------ Exercise material ------

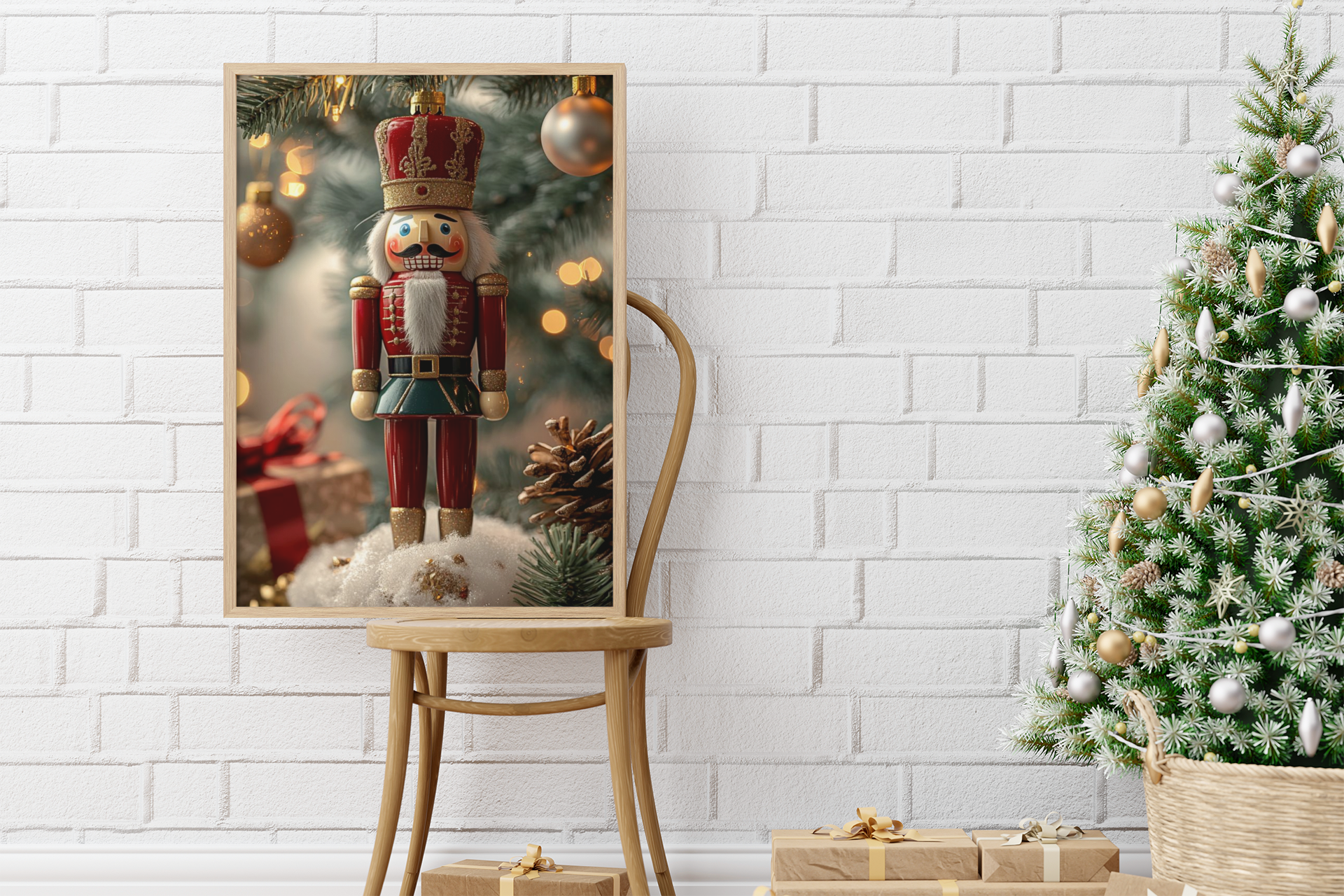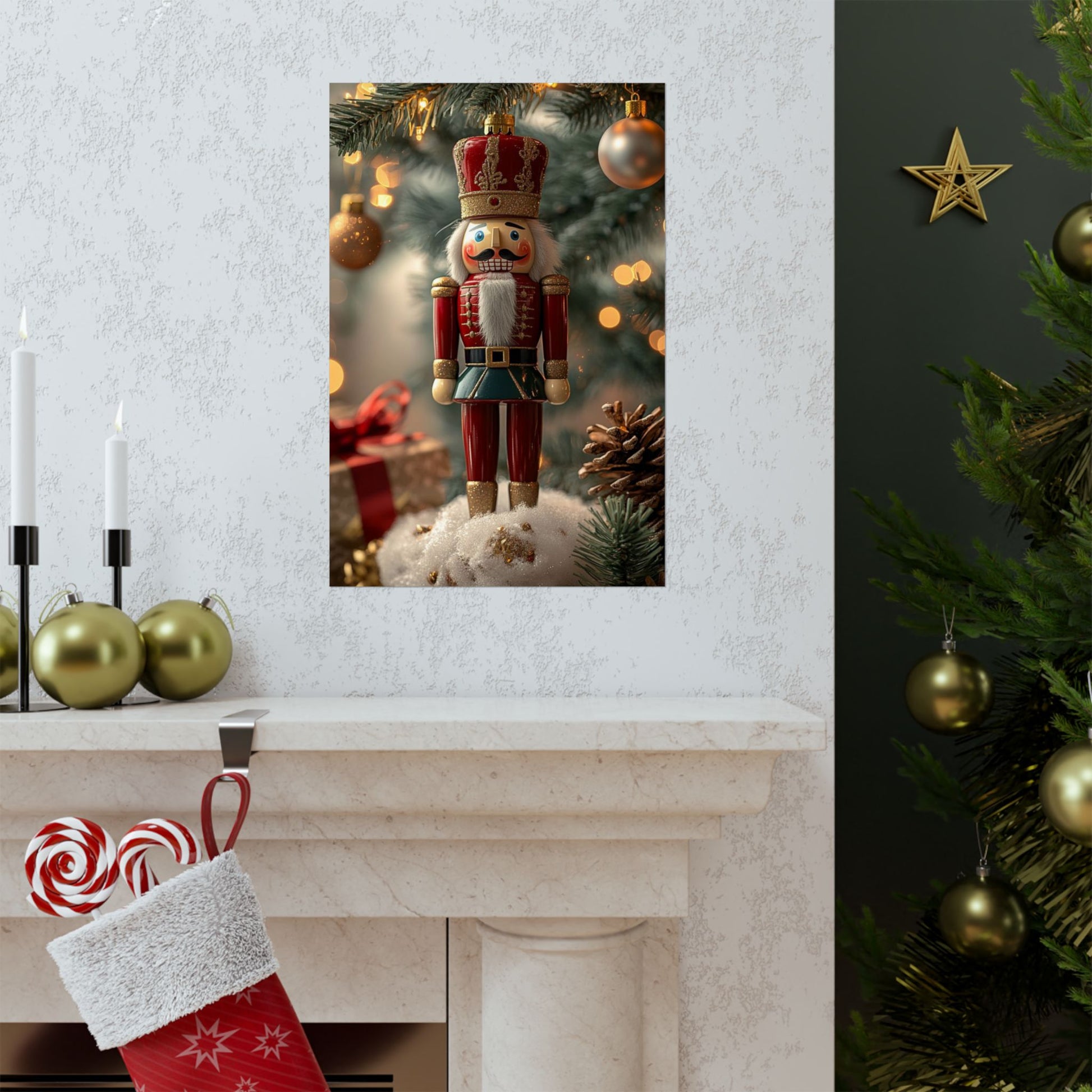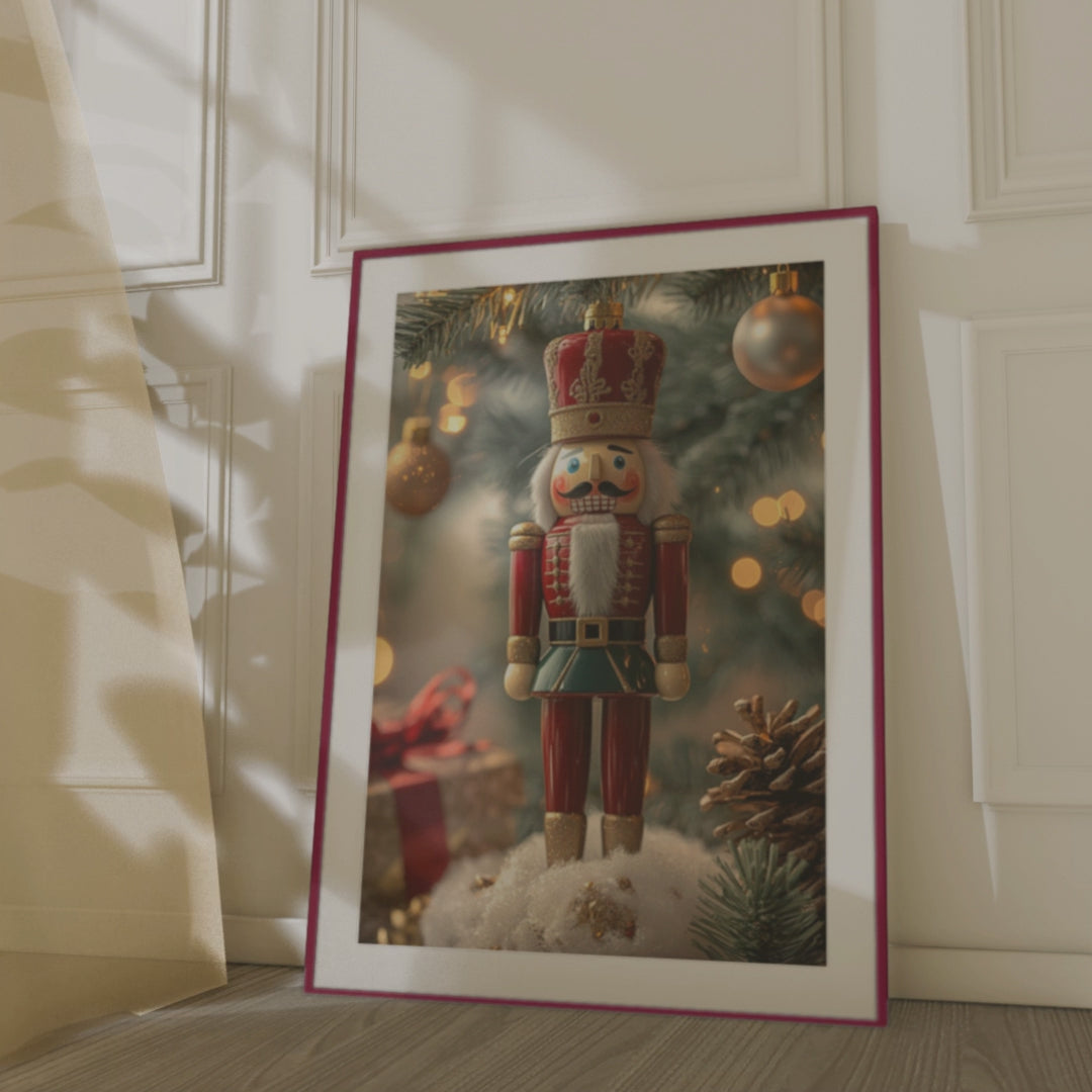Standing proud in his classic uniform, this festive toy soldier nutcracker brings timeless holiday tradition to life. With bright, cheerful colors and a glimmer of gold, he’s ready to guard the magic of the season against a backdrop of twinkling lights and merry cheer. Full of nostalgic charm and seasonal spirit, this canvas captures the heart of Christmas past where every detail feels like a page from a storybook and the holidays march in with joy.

------
------ Exercise material ------

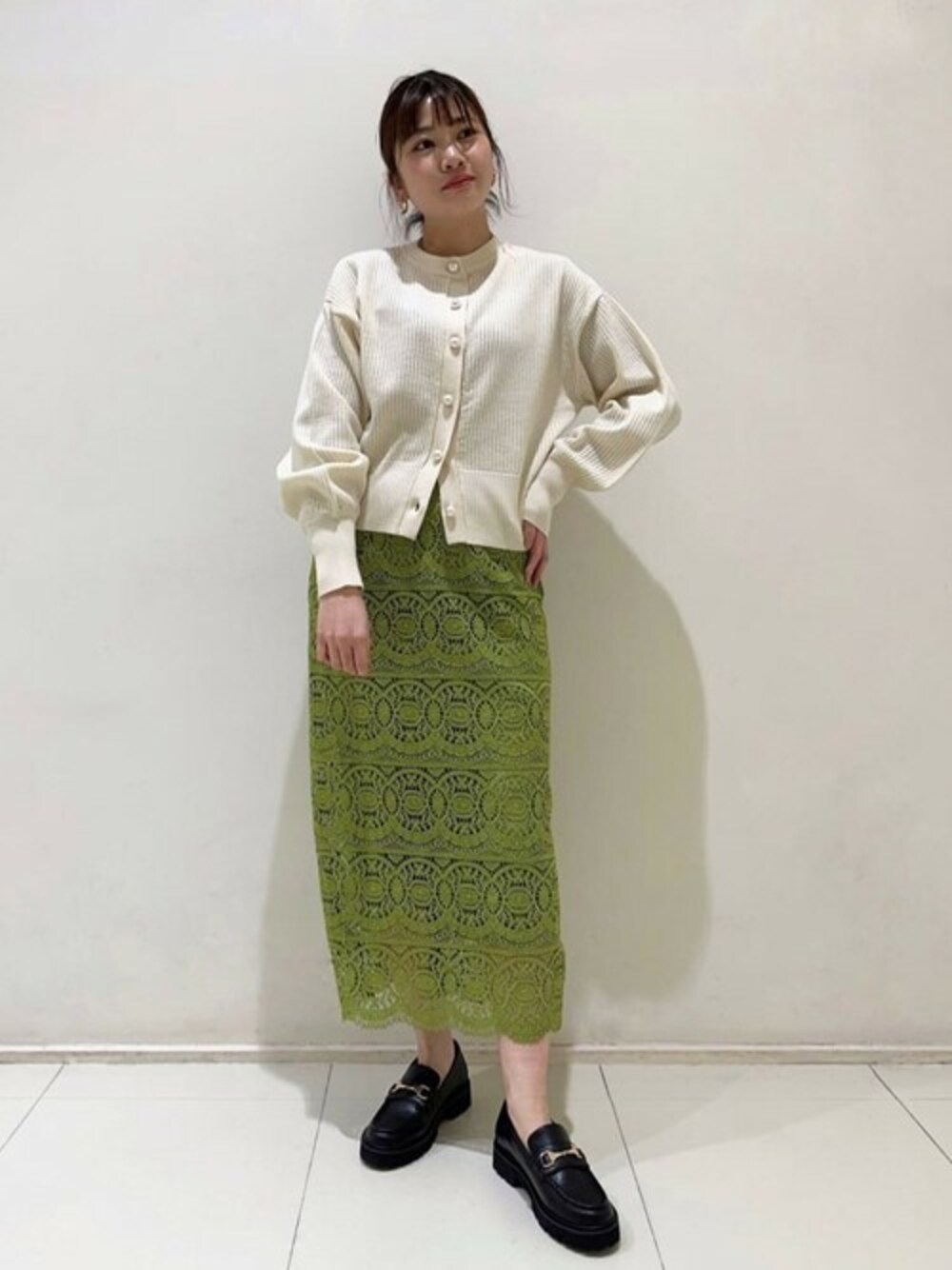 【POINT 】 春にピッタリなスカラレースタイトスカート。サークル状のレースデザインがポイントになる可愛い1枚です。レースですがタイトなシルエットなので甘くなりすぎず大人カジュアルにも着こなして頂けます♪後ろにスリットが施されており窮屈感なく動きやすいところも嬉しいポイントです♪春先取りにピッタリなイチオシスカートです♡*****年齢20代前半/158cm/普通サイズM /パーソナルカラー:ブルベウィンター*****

------
------ Exercise material ------

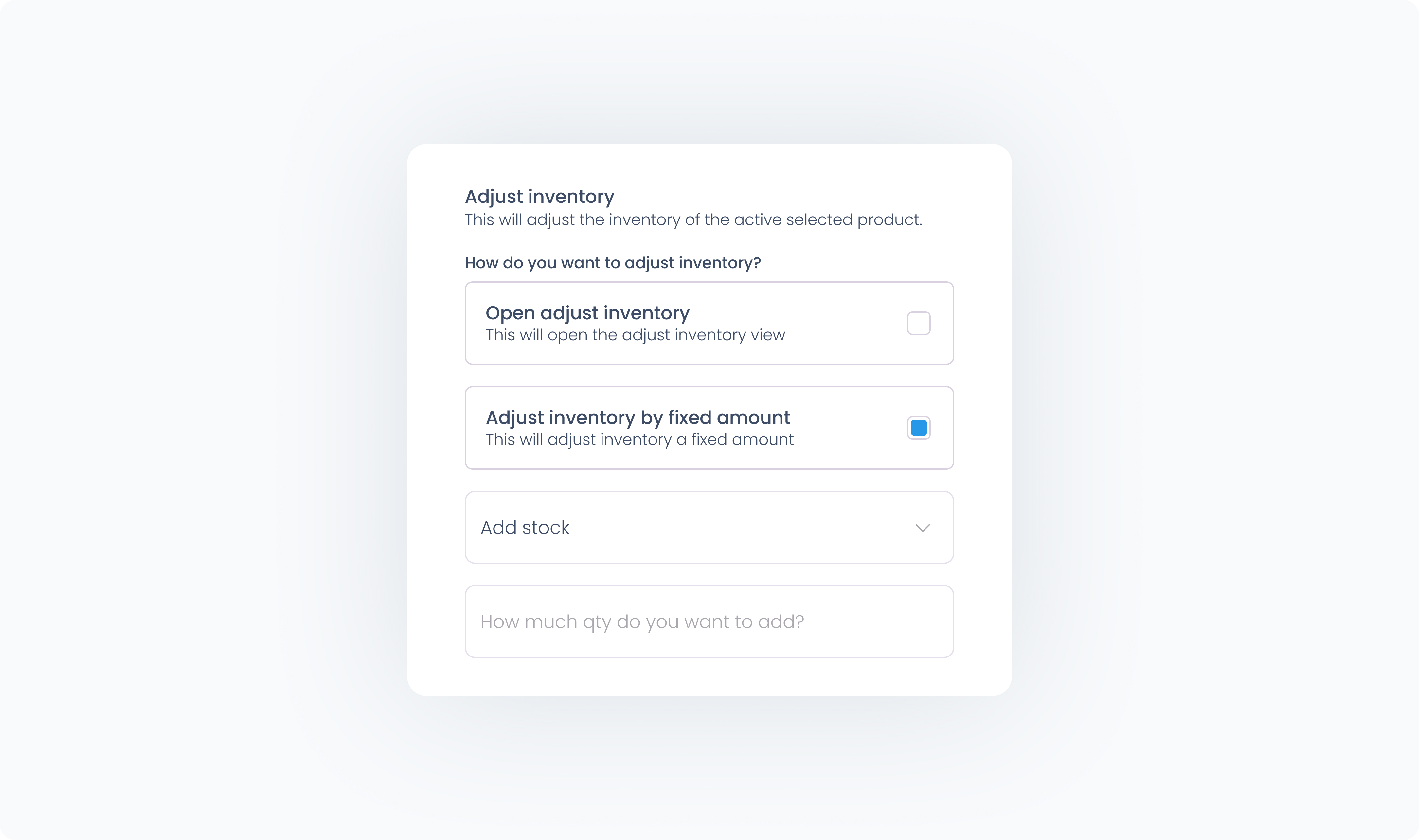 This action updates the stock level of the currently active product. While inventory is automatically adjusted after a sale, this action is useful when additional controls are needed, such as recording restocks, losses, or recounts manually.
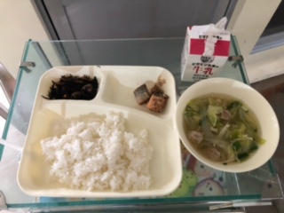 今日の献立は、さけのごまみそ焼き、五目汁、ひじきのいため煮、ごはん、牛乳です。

------

→ Task description: Pictures excluded, reproduce only the part above that opens with the line holding "This action updates" and closes with the line holding "今日の献立は、さけのごまみそ焼き、五目汁、ひじきのいため煮、ごはん、牛乳です。", exactly as written.

→ Answer box:
 This action updates the stock level of the currently active product. While inventory is automatically adjusted after a sale, this action is useful when additional controls are needed, such as recording restocks, losses, or recounts manually.
 今日の献立は、さけのごまみそ焼き、五目汁、ひじきのいため煮、ごはん、牛乳です。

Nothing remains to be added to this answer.